Extracted material ->
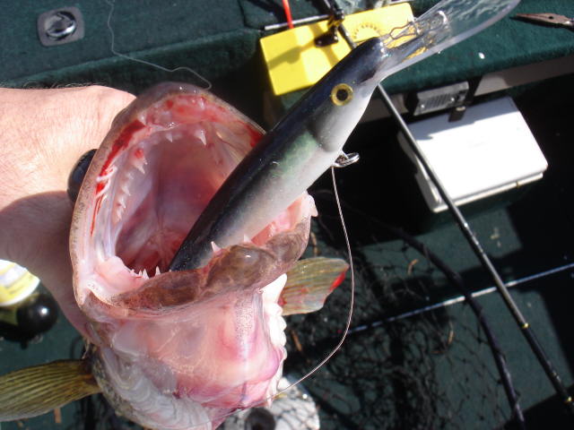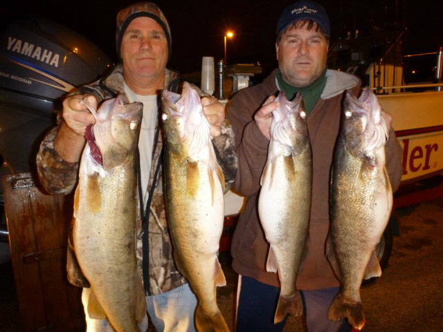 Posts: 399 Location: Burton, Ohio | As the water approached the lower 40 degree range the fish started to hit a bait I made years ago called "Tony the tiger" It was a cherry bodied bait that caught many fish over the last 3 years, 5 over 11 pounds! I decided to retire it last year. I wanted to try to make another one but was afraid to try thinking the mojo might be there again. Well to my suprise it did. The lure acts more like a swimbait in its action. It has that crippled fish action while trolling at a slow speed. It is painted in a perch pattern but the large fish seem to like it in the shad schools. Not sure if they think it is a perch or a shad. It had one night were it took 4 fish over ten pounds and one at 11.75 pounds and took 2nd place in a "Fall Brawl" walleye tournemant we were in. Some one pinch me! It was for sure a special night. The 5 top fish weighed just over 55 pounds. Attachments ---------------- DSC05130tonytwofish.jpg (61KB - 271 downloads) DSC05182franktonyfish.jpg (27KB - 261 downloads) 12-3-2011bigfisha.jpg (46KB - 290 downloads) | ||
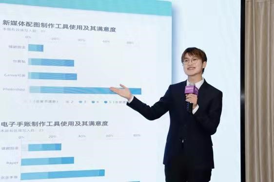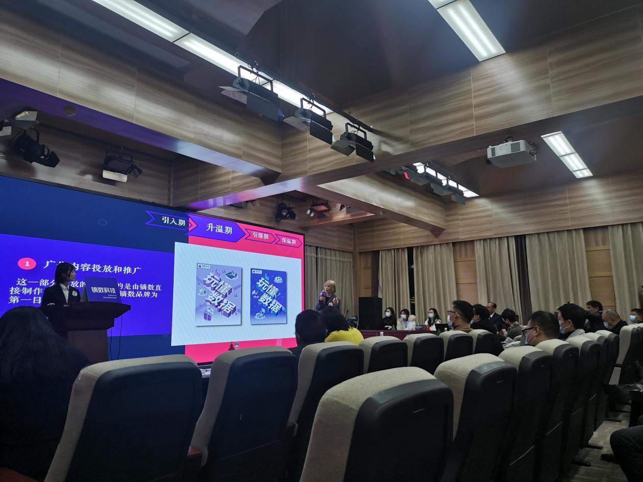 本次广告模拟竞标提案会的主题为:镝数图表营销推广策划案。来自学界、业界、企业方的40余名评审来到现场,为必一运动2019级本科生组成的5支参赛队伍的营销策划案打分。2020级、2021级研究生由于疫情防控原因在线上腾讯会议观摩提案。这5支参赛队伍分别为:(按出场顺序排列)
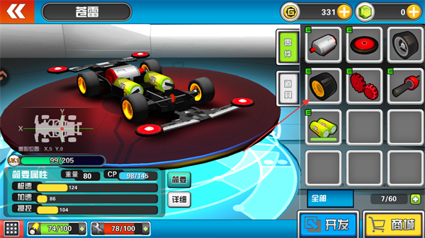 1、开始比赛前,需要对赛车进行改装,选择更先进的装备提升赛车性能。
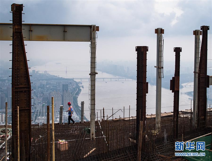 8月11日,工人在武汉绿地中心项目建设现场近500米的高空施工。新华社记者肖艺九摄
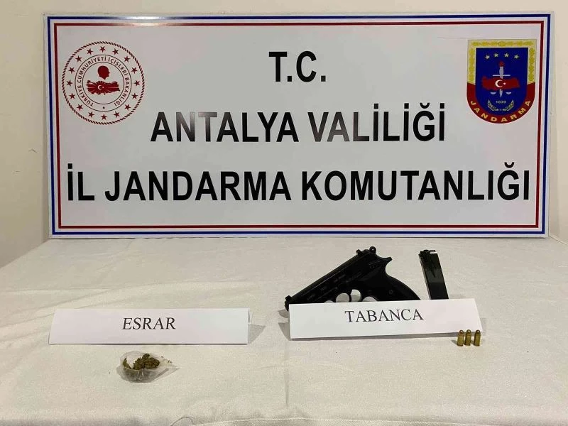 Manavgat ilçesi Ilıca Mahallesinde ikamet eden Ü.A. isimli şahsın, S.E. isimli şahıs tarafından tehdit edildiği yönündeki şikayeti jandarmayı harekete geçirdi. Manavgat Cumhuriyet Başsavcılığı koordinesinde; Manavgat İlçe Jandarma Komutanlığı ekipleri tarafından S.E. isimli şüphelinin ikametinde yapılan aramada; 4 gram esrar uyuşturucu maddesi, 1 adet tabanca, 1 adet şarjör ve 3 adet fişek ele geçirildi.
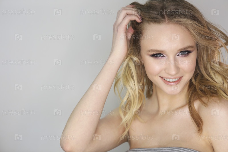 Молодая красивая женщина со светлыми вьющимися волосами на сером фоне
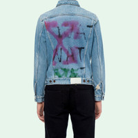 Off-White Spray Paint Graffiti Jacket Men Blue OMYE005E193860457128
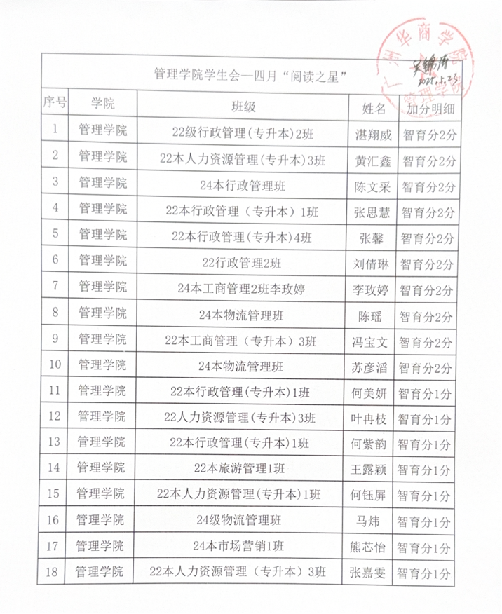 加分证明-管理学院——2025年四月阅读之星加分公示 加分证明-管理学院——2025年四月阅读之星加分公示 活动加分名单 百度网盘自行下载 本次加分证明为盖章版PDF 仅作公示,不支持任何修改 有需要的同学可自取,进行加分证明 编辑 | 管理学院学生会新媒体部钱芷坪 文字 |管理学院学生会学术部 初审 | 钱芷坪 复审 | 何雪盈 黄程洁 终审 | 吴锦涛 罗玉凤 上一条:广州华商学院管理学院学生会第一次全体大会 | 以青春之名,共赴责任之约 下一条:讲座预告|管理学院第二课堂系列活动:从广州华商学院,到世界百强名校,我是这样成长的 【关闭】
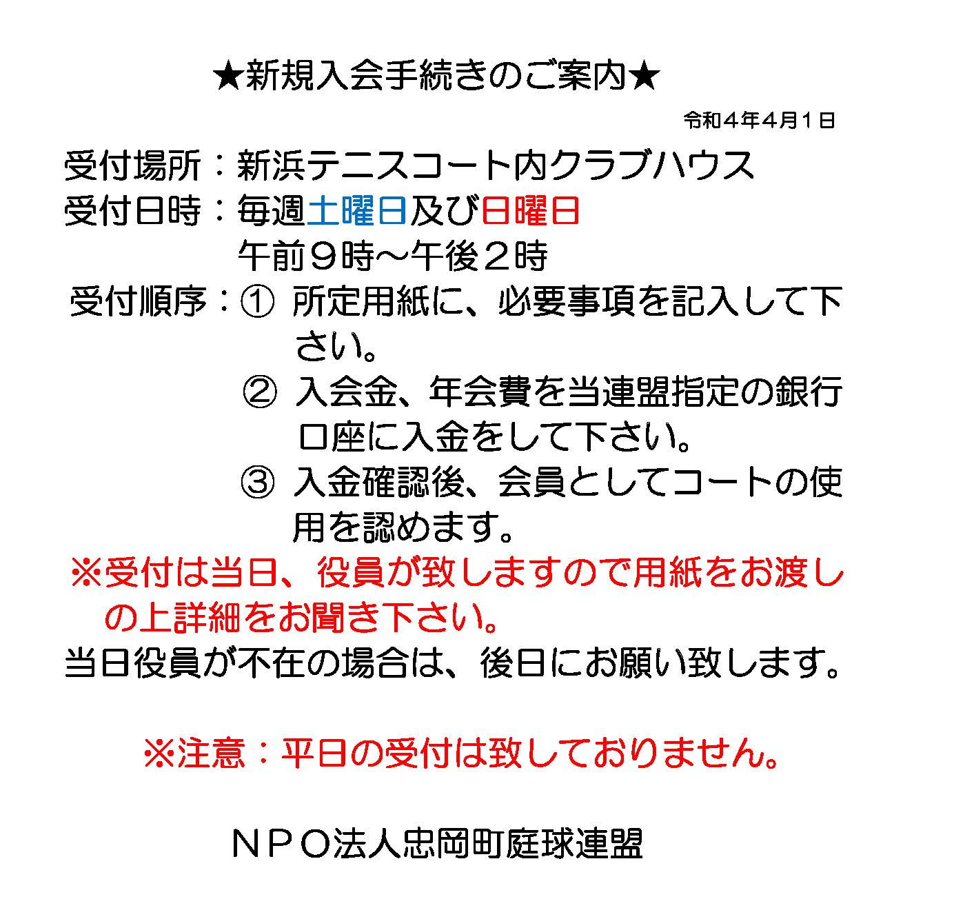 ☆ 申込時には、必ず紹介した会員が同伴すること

* * *

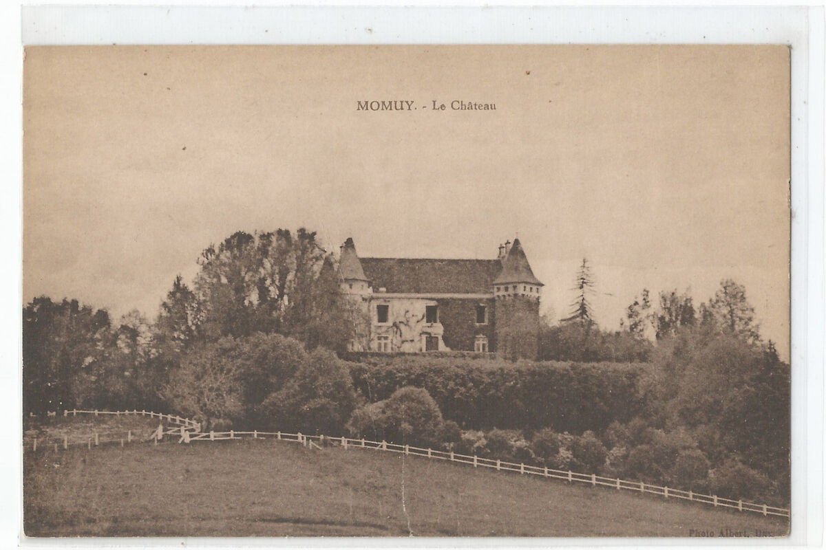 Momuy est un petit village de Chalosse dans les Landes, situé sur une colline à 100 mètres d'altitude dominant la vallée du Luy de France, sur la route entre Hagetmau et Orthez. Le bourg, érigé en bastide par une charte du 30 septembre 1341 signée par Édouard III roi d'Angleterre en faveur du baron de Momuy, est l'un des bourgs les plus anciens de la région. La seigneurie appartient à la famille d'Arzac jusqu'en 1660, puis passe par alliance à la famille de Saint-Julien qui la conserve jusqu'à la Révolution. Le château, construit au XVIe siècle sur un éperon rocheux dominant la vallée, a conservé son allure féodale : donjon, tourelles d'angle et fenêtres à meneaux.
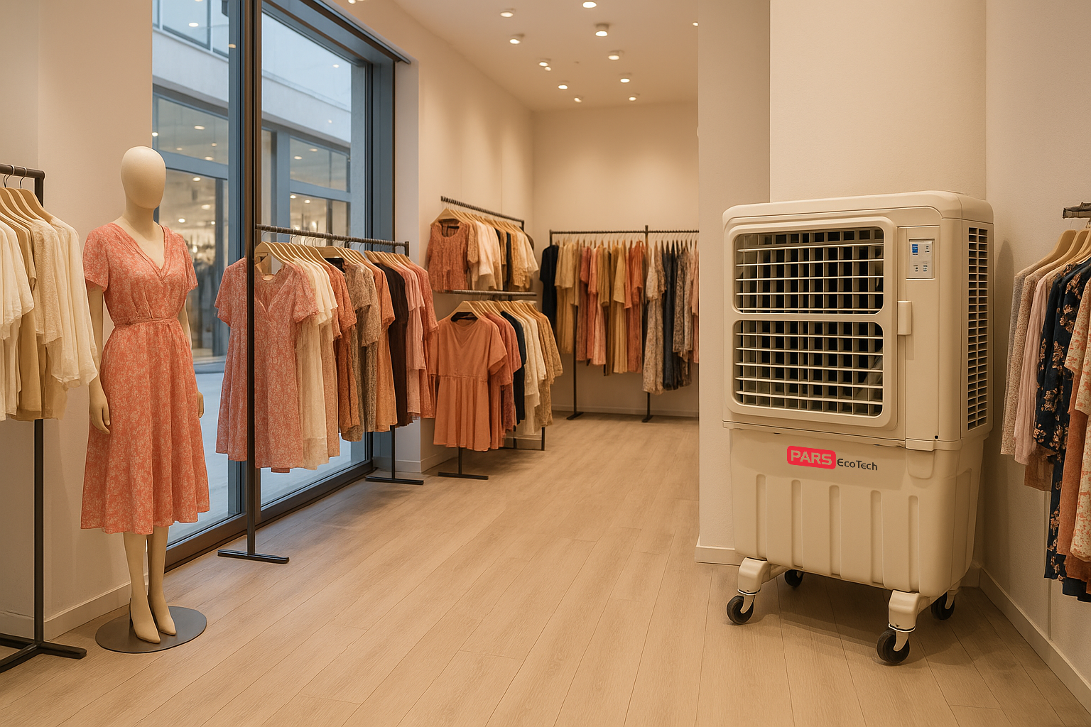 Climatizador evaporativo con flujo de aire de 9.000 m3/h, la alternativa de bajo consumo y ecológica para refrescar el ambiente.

Exercise -> Within the data above, repeat exactly the lines from the one bearing "本次广告模拟竞标提案会的主题" through the one bearing "Off-White Spray Paint". Include no pictures and nothing else.

Worked solution ->
 本次广告模拟竞标提案会的主题为:镝数图表营销推广策划案。来自学界、业界、企业方的40余名评审来到现场,为必一运动2019级本科生组成的5支参赛队伍的营销策划案打分。2020级、2021级研究生由于疫情防控原因在线上腾讯会议观摩提案。这5支参赛队伍分别为:(按出场顺序排列)
 1、开始比赛前,需要对赛车进行改装,选择更先进的装备提升赛车性能。
 8月11日,工人在武汉绿地中心项目建设现场近500米的高空施工。新华社记者肖艺九摄
 Manavgat ilçesi Ilıca Mahallesinde ikamet eden Ü.A. isimli şahsın, S.E. isimli şahıs tarafından tehdit edildiği yönündeki şikayeti jandarmayı harekete geçirdi. Manavgat Cumhuriyet Başsavcılığı koordinesinde; Manavgat İlçe Jandarma Komutanlığı ekipleri tarafından S.E. isimli şüphelinin ikametinde yapılan aramada; 4 gram esrar uyuşturucu maddesi, 1 adet tabanca, 1 adet şarjör ve 3 adet fişek ele geçirildi.
 Молодая красивая женщина со светлыми вьющимися волосами на сером фоне
 Off-White Spray Paint Graffiti Jacket Men Blue OMYE005E193860457128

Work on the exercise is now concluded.